Studies confirm that plant extracts from Phytolacca dodencandra showed larvicidal activity against mosquitoes (Dahlman and Hibb 1967). Since ages, ancient people use herbal plants in different ways to repel mosquitoes. Widely used practices include generation of smoke by burning plants (Sharma and Ansari 1993), hanging fresh plants in houses (Waka et al. 2006) for avoiding mosquitoes in the near vicinity. In contrast to whole herbs, studies confirm that plant extracts form wide range of plants are more advantageous and efficacious. Among the plant families with promising essential oils used as repellents, Cymbopogon, Ocimum and Eucalyptus are the most cited. The prime objective of the present investigation is to explore the possibility of repellent activity of potential natural compounds from Ocimum species against odorant binding proteins of Anopheles gambiae. Attempts were made to understand molecular mechanisms underlying possible interactions of natural mosquito repellent compounds against odorant binding proteins (3Q8I and 3N7H) of A. gambiae. Further these studies will widen the scope to choose the most suitable compounds for design and development of effective and safe mosquito repellents.

Materials and methods

Plant material, sample extraction, GC MS analysis and Identification of components

Ocimum tenuiflorum var. CIM AYU and O. basilicum Linn. var. pilosum (willd)-Benth. Seeds were sown at K L University botanical garden. Fresh and healthy leaves were powdered, extracted in methanol, concentrated and finally the active components were analysed using GC–MS (Manorenjitha et al. 2013). Interpretation of mass spectrum of GC–MS was done using the databases of National Institute Standard and Technology version (NIST08s) WILEY8, FAME.

Molecular docking

The 2D structures of 35 compounds of two Ocimum species were downloaded using Chem Spider. These structures were converted into 3D form and Schrodinger-aided drug design software and used for molecular docking analysis. The 3D structures of 3N7H and 3Q8I proteins were downloaded from the RCSB (PDB) and modified to make the protein biologically active and stable.

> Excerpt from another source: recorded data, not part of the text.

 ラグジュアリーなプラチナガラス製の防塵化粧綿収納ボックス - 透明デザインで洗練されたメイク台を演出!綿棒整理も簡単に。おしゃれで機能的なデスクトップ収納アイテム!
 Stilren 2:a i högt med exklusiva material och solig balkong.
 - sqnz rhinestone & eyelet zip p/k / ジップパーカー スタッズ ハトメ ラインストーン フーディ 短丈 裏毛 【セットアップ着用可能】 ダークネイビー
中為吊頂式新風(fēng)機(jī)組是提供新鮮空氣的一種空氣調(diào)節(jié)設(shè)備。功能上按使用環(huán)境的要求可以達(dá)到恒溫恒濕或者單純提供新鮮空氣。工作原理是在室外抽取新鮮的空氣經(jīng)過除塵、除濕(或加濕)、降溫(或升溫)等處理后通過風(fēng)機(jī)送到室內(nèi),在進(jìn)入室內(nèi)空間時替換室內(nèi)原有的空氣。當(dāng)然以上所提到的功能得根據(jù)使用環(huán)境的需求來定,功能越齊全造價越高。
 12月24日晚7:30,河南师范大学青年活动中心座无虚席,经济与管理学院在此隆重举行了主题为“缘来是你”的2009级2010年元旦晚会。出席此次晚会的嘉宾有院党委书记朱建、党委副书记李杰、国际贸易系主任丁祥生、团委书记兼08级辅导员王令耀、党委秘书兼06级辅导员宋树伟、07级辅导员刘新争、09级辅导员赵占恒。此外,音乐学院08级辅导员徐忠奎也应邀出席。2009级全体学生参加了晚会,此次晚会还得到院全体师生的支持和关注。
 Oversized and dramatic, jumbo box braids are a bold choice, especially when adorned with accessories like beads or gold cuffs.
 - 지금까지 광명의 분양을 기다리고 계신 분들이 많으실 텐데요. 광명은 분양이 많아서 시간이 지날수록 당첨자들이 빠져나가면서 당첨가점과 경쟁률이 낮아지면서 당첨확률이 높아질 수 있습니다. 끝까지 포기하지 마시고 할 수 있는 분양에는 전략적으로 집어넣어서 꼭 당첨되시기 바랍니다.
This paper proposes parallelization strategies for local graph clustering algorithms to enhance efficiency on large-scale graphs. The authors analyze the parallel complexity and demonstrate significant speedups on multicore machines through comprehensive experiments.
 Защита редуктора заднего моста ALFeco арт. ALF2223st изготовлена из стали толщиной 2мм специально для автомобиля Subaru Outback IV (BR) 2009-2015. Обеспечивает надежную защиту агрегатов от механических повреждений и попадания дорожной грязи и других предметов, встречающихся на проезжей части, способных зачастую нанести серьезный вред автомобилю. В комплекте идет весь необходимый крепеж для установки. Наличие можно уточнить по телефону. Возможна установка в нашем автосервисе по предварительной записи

Later Protein Preparation Wizard tool of Schrödinger’s software converts a raw PDB structure into all-atom fully prepared protein. In the modified protein, the active site was identified and further optimized by removing free water molecules and hetero atoms. For docking studies, only the ideal active site was selected. For favorable interactions between one or more ligand molecules on a receptor, receptor region with optimal binding affinity grid was generated for glide searches. Ligands obtained in all aspects follow Lipinski’s rule of 5. Structures obtained from Pubchem/Chemspider database were sketched using Chem sketch tool and finally the high quality all atom 3D structures were saved in Maestro (.mol) format. Optimization of structures were performed using LigPrep tool by removing unwanted molecules, addition of hydrogen, and ligand structure minimization. Finally, Grid-based Ligand Docking with Energetics (GLIDE) was performed.

ADME properties

Pharmacokinetic and pharmacological properties (ADME) of potential mosquito repellent ligands were studied using QikProp module of the Schrödinger 9.2 software. ADME properties predicted for the potential compounds of Ocimum species were programmed in accordance with Lipinski’s rule of five. On the other hand, QikProp tool is used to evaluate the bioavailability of the lead molecules by assessing their physicochemical properties to observe the range of the Lipinski rule for induced molecules (Bhogireddy et al. 2013). The chemical behaviour of the Ocimum compounds were evaluated through analysis of pharmacological parameters required for absorption, distribution, metabolism and excretion (ADME) and Rule of five and Rule of three (QikProp and Version 2012).

Results and discussion

The qualitative analysis of components from methanolic leaf extracts of O. tenuiflorum var. CIM AYU (20) and Ocimum basilicum Linn. var. pilosum (willd)-Benth. (15) yielded total of 35 compounds. Of the 35 compounds tested for their binding affinity with odorant binding proteins of Anopheles mosquito, 2-hexadecen-1-ol, phytol, dl-alpha-tocopherol, phenol-2-methoxy-3-(2-propenyl)-, lycopersin, gamma-sitosterol, benzene, 1,2-dimethoxy-4-(2-propenyl)- of O. tenuiflorum exhibit strong binding affinity with odorant binding protein 3N7H. Whereas, 4H-1-benzopyran-4-one, 5-hydroxy-6,7-dimethoxy-2-(4-methoxyphenyl), catechol, phytol, 2-hydroxy-6-methylbenzaldehyde, Monoacetin from O. basilicum Linn. var. pilosum (willd)-Benth display intense binding affinity with 3Q8I of A. gambiae (Table 1).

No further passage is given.